Afghanistan had several Ganesha figures. The earliest is probably one from Sakar Dhar (formerly Shankar Dhar), north of Kabul, where Ganesha wears a yajnopavita (sacred thread) made of a snake. The left tusk is broken and his two lower arms rest on two curly-haired ganas (fig 2). Another early Ganesha figure from Afghanistan was a Maha-Vinayaka at Gardez (fig 3). The figure was later removed to the dargah Pir Rattan Nath at Kabul where it was worshipped by local Hindus. There is an inscription saying that, ‘This great and beautiful Maha Vinayaka was consecrated by the renowned Shahi king, the illustrious Shahi Khingala.’ Ganesha figures are found all over the world: Nepal, Tibet, Sri Lanka, Myanmar, Thailand, Cambodia, Indonesia and Borneo, Kung-hsien of China, Kangiten and Kakuzencho of Japan. I even bought a Ganesha image from a mosque.
The appearance of the river Cauvery is also associated with Ganesha in a local folktale of Karnataka. Sage Agastya came down south with water in his kamandala (sacred vessel). He called out to a boy (Ganesha in disguise) passing by and asked him to hold the vessel while he went to search for a spot from where the river could flow. Ganesha left the vessel in an ideal spot that he had chosen. A crow upset it and a river began to flow from that place—the Talakaveri in Coorg.

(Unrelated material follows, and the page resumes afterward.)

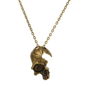 Broken Halve Skull Face Necklace Gold Metal Pendant Goth Dark Fantasy 50cm

Ganesha holds a sheaf of corn, sugarcane and club, according to the TaittiriyaAranyaka. Later, the axe and moolaka (a bulbous radish-like root eaten by elephants) were included. As a God of the Deccan farmers, he holds a sugarcane, a modaka (a sweet offering of the harvest) or a sweet laddoo and his broken tusk, which could also have agricultural associations in its resemblance to the plough.
But sadly, he also holds an elephant goad and a noose. Symbolically, the goad prods man on the path of righteousness, and the noose conveys that worldly attachments are a noose around man’s neck. However, giving the elephant-headed God the goad and the noose is dramatic irony, for these are the tools used to torture, subjugate and tame the elephant. The axe is wielded by Ganesha to destroy demons and vanquish evil. But the weapon is also used to tether and control the elephant, a veritable source of fear.
Ganesha, as we know him today, developed in the Puranic period, with the rise in importance of the Ganapatya cult. In fact, so total was his absorption that by the seventh century CE, Adi Shankara included the worship of Ganapati as one of the six systems (shanmata) of the Hindu religion.
In recent times, the community worship of Ganesha has spread all over the country, particularly in the southern states where Ganesha is a popular deity. Today’s Ganeshas are baked, made with plaster of Paris, sometimes even strengthened with cement and RCC. When these Ganeshas are immersed in water, they do not dissolve, and we see the ugly and painful sight of Ganesha images hacked to pieces. Worse, they are decorated with toxic paints. The water is polluted and becomes a toxic hazard. In many places these are the only sources of drinking water. Ganesha, a symbol of good ecology, would certainly not approve.